20 January 2011

International Man of Lunacy

If you're like me and have an unhealthy obsession with Xinjiang, you've probably read Ahmad Kamal's narrative of Silk Road derring-do, Land without laughter (1940). I've debated with myself and others countless times whether the book is a work of complete fiction or a very real narrative of travel and adventure in 1930s Xinjiang from the perspective of a deranged individual. Land without laughter has the most improbable of protagonists and narrators, Ahmad Kamal, the son of Tatarstan, the crypto-Muslim, born on a Colorado reservation, who learned military tactics at the knee of a banished Prussian officer, an American Muslim liberating the homeland of his brothers. It's full of the good old tropes of pop-orientalist fiction, right down to a dusky-skinned, green-eyed "temporary wife" whose eyes beg for his caress.

It turns out to be authentic, at least more or less.

Ahmad Kamal turns up again in A mosque in Munich: Nazis, the CIA, and the Muslim Brotherhood in the West (2010), a new book by journalist Ian Johnson recounting the CIA's role in fostering Islamist groups as a counter to Soviet influence. Kamal, as it turns out, was born Cimarron Hathaway in 1914 to a well-off family in a Denver suburb. Some storm in his head, as his children will tell you, drove him to become "Qara Yusuf," son of Kara Yakub, a man in search of his long-lost Turkic father. The rest of his life combined literary endeavors in both Arabic and English with a strange and still mysterious intelligence career.

I won't cut into Johnson's book sales, nor could I summarize this story in a blog post. If you locate the book for yourself, go straight to chapter 10 ("The novelist's tale") and beyond. It's worth a read.

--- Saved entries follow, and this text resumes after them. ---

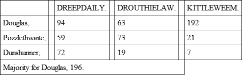 I pass over the proceedings at the poll. From a very early hour it became perfectly evident that my chance was utterly gone; and, indeed, had it been possible, I should have left Dreepdaily before the close. At four o'clock the numbers stood thus: —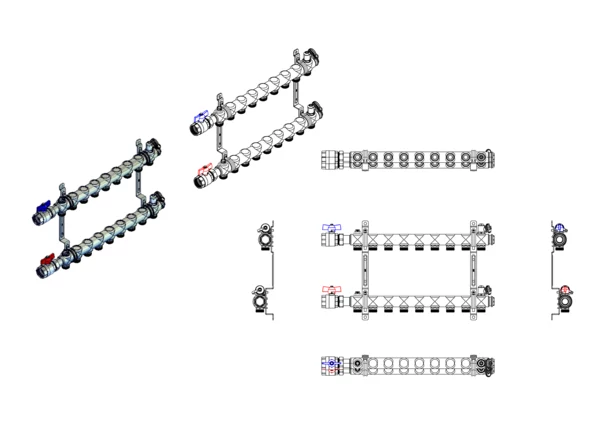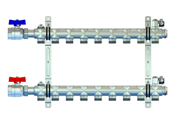 strawa HK-Anschlussverteiler e-class 52 mit SFE, mit 1''KH 9 Hkr.,BxHxT: 560x320x67 mm, 1" Kugelhahn, Spül-, Füll- und Entleerventil und Entlüftungsventil im VL und RL, Doppelwandhalter 200 mm mit Schrauben u. Dübeln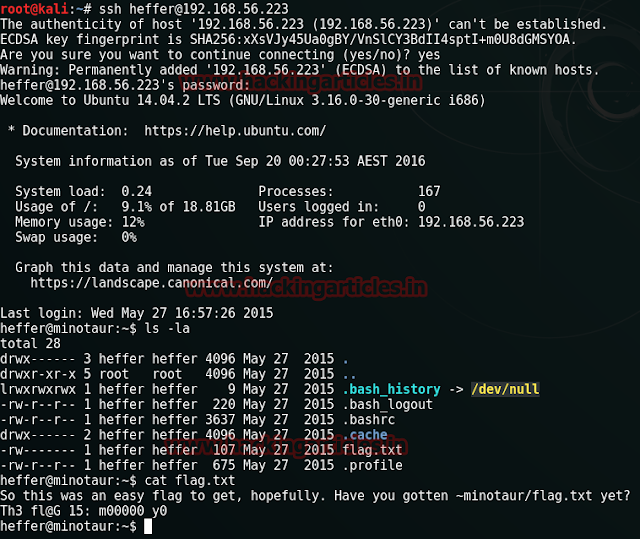 ssh minotaur@192.168.56.223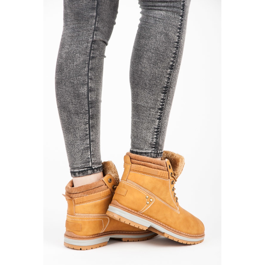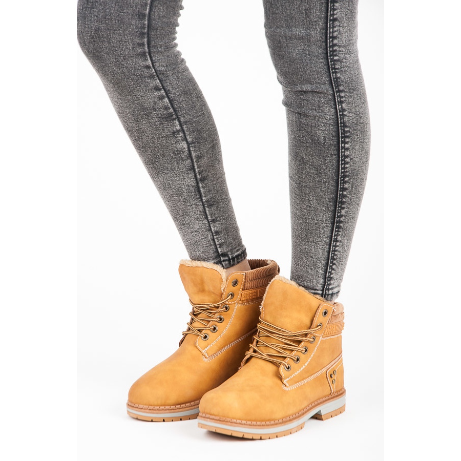 Aceste cizme se disting printr-o închidere cu șireturi, care permite o potrivire perfectă la picior și libertatea de utilizare. Varful rotund adauga farmec, iar tocul plat de 3,5 cm garanteaza confort chiar si in timpul unei zile lungi. Datorită culorii maro universale, acești pantofi se potrivesc perfect cu stilurile sportive de zi cu zi.
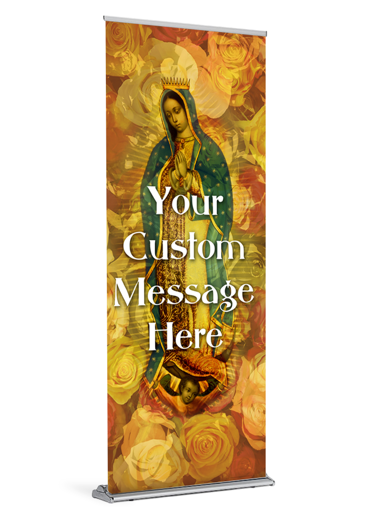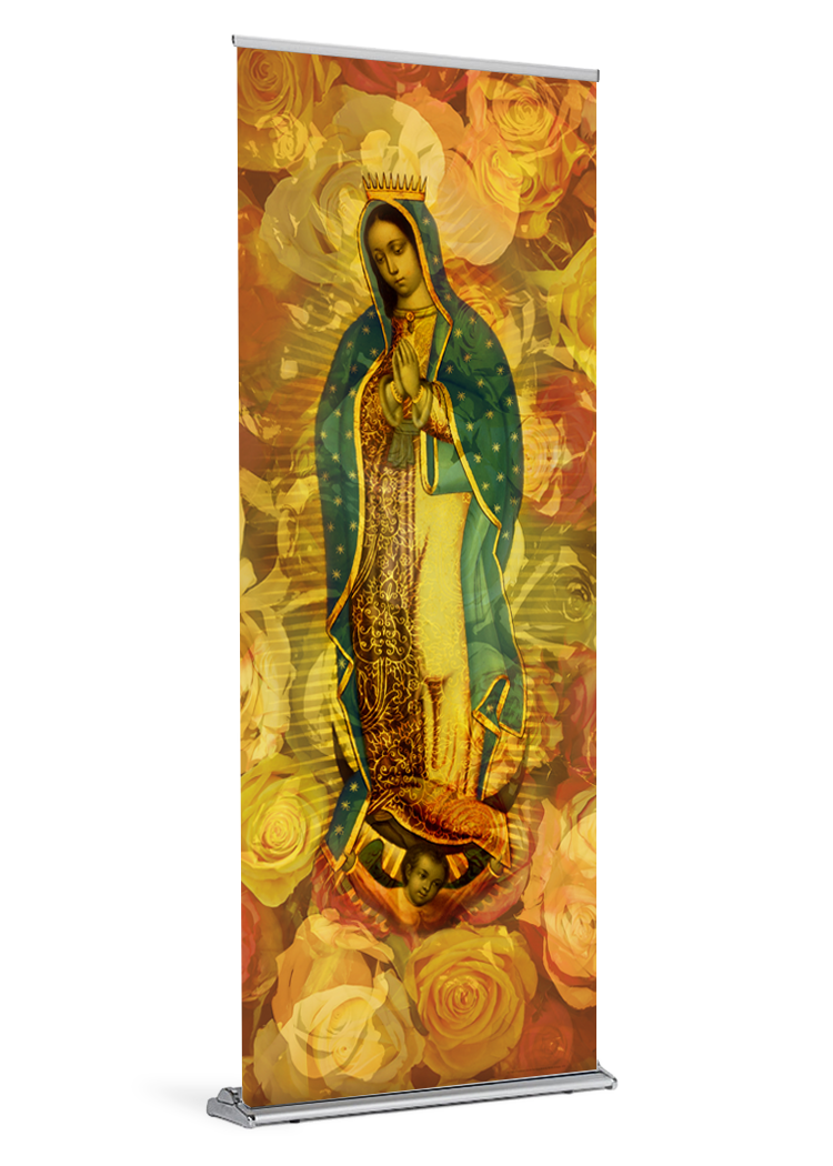 banner banner stand castilian catholic catholic banner catholic banners Celebration December 12 Guadalupe Mary mexico Our Lady of Guadalupe patron Patron Saint retractable roses saint standProduct Details

As for Land without laughter itself, if you haven't read it, you should, and, if you have, you should re-read it with a little less caution. Ahmad Kamal has been easy to dismiss because his stories seem so unlikely, but, since his CIA file says he was in Xinjiang in 1935, this could be a good source for the history of the Sheng Shicai period. I, for one, am going to try to get through the rest of his ouevre.

15 January 2011

Who Was Du Tong?!

Du Tong (1864-1929), courtesy name Zidan, style name Yangzi, was, in my estimation, a historically significant human being. Du, apparently of Manchu descent, came from a prominent clan in Yangliuqing township near Tianjin. Not only is Du known even today as a fine calligrapher, he also passed the imperial exam in 1892 and went on to be a compiler at the Hanlin Academy, whence emerged the cream of Qing China's official class. He associated with reformists and modernizers like Zhang Jian, toured Japan to assess its school system, and, in 1906, was appointed one of the first provincial Commissioners of Education. His tenure in Xinjiang province from 1906 to 1911 saw a tremendous expansion of the school system there on the model of the program then being implemented hurriedly all over the Qing empire. In short, Du Tong was a scholar, a transformative official, and an artist.

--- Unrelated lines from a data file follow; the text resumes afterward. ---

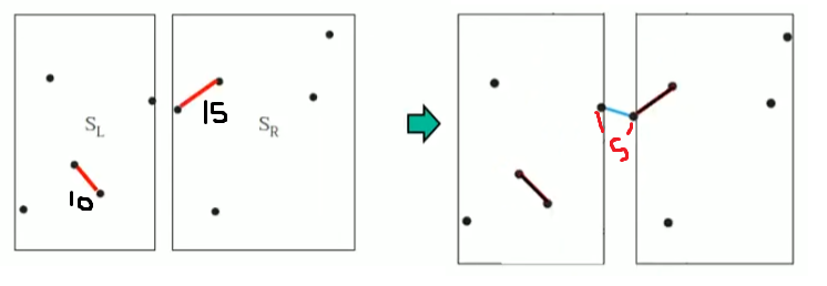 5. 왼쪽 그룹의 최근접점 쌍의 거리와 오른쪽 그룹의 최근접점 쌍의 거리를 비교해서 더 작은 쪽값이 d가 됩니다.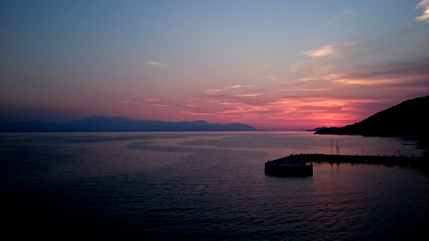 W Lutraki jesteśmy po siódmej wieczór. Po bulwarze przechadza się już niewielu gości, pan na keyboardzie gra znowu i znowu na smutno. Słońce zachodzi wciąż jeszcze o dziewiątej - to kolejny z dni, w których lato, które dopiero co przyszło, nie umie się jeszcze zdecydować, czy już zacząć skracać dzień, czy zrobić to dopiero za dzień - dwa. Pakujemy się, nastawiamy budziki na trzecią w nocy i otwieramy ostatnie wino - znów jest to doskonały grecki syriah.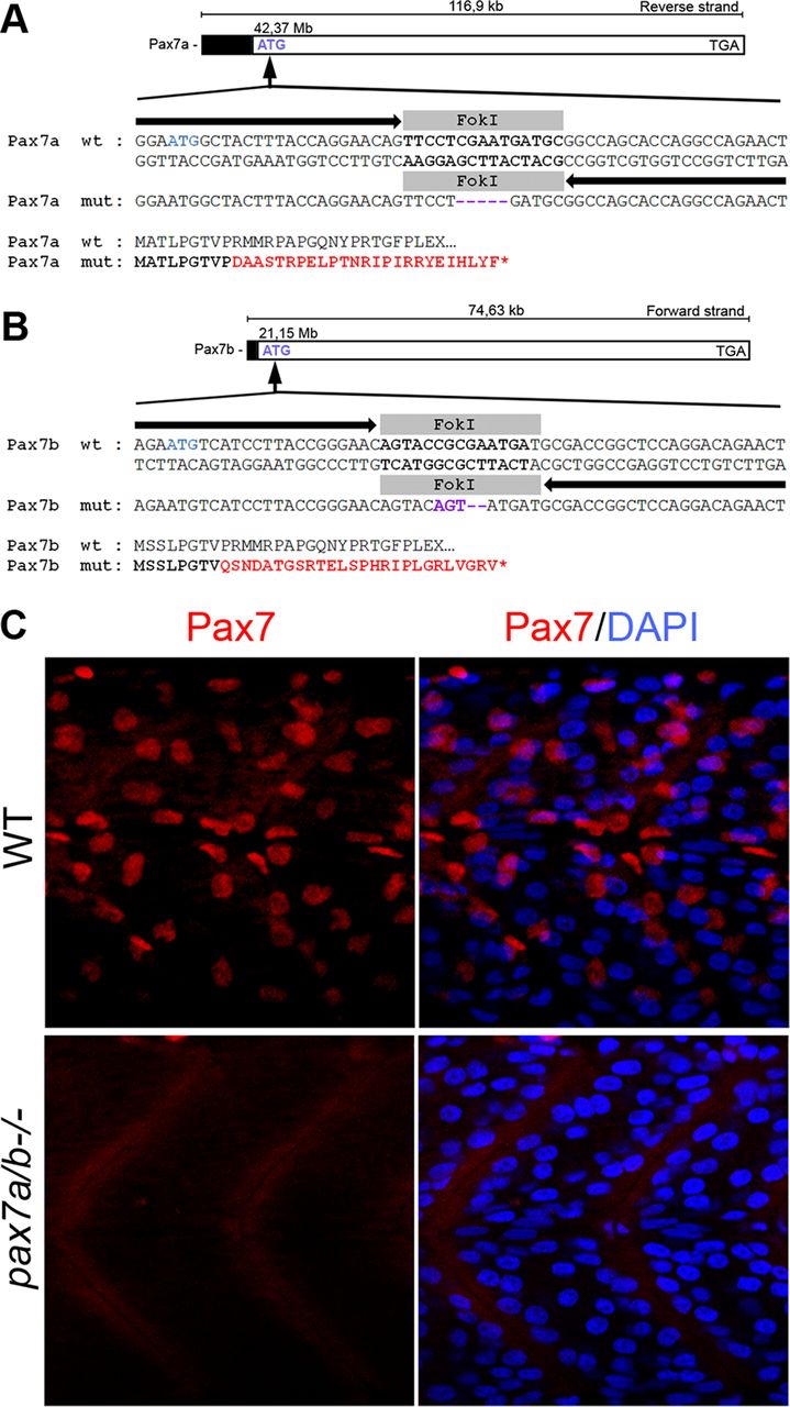 Fig. 1 Generation of pax7a and pax7b mutants using TALENs. Schematic overview of TALEN-induced deletions resulting in frameshift mutations in genes (A) pax7a and (B) pax7b on chromosome 11. Black arrows represent the left and right TALEN sequences, and the gray box represents the spacer sequence indicating the FokI cut site. Purple indicates the insertion of mismatched nucleotides, and red indicates mismatched amino acids. (C) Lateral view of 24-hpf wt embryo and pax7a/pax7b double-mutant trunk immunofluorescently analyzed using a Pax7 antibody (red). DAPI is used to visualize nuclei.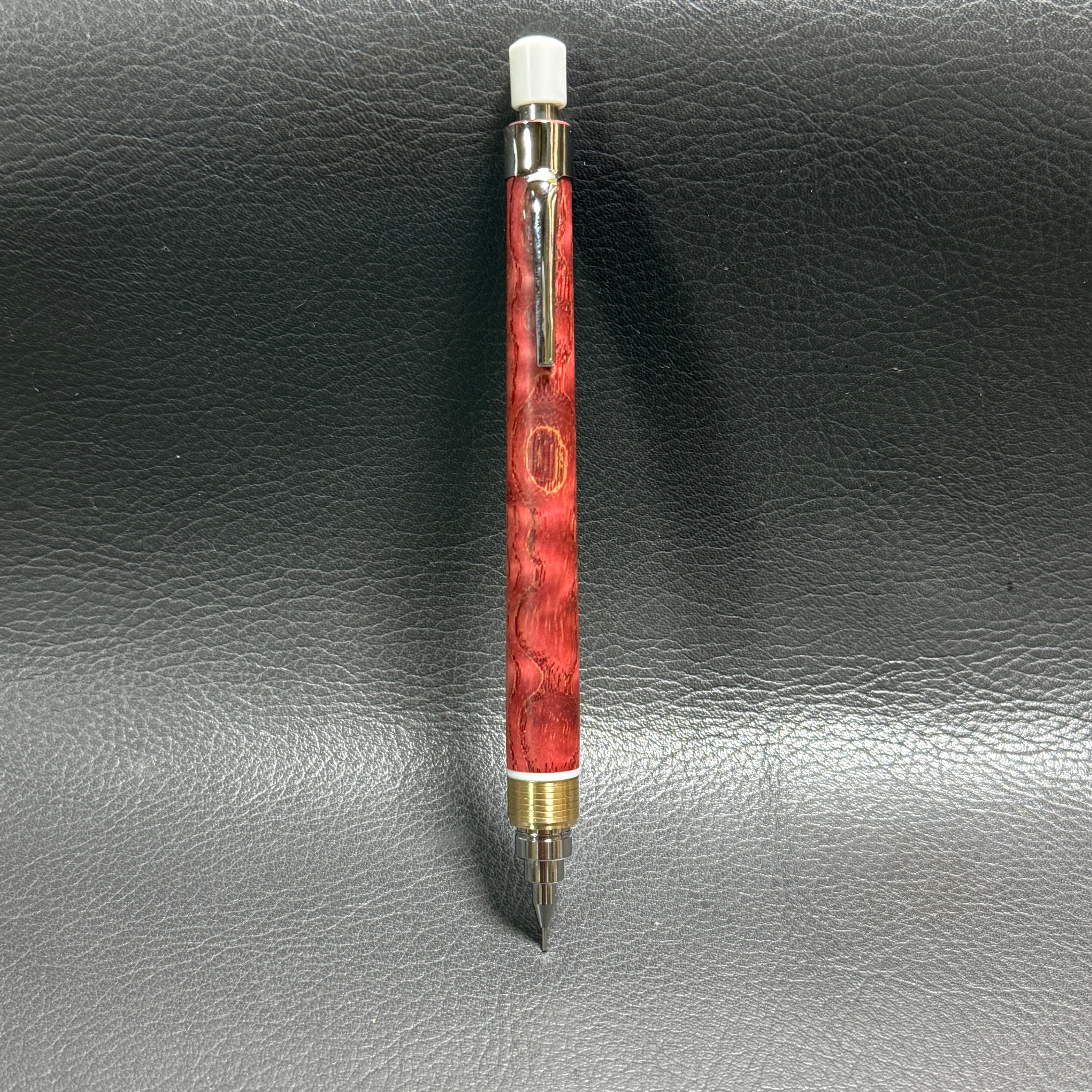 561タモ波杢スタビ 木製シャーペン 超低重心溝つき 真鍮 コーリアンキャップつき

At this point, Du Tong pretty much disappears. From three wives, Du Tong left seven children, many of them well-educated and accomplished. The memoirs of his daughter, Du Lianhe, herself an important scholar of late Imperial Chinese history in her own right, note only his death in 1929.

It took me countless man-hours to figure even this much out. Dozens of biographical dictionaries of the Qing and of the Republic and another half-dozen works on artists turned up nothing on Du Tong beyond what I could get from Wikipedia. The great MQNAF (Ming-Qing Name Authority File), usually a go-to for biographies of officials, had nothing. It took a random, desperate search in a book produced in 2004 by the Shaanxi Travel Press to find anything new, at which point I considered my victory nearly achieved. Soon, I hope, I will have some more scraps of his personal writings, contained in an obscure and minor text held, luckily, by my university's library depository.

As I must wait until Monday for this book to arrive in my hands, I have determined to start a blog to document my travails. I join the ranks, then, of graduate students with blogs, and commit myself to a little more time each week in front of the LCD screen on my loyal old Toshiba Satellite.

Here, I am hoping to do two things: First of all, I want to discuss the problems of working on my favorite region of the world, Xinjiang, as a budding historian. Studying Xinjiang, as I was once told, "takes a certain kind of nut." Several years of graduate school and eight or so languages later, I face a task that expands exponentially even as it narrows day by day. How does one go about studying Xinjiang history? Central Asian history? Chinese history? Should I even be doing this?

Second, this space will present my life in montage. I am from the generation, I feel, where ritual broke down and the master narratives that are meant to guide us all drifted out the window. What is there left but to assemble the scraps and snippets and fit them back together like a local gazetteer?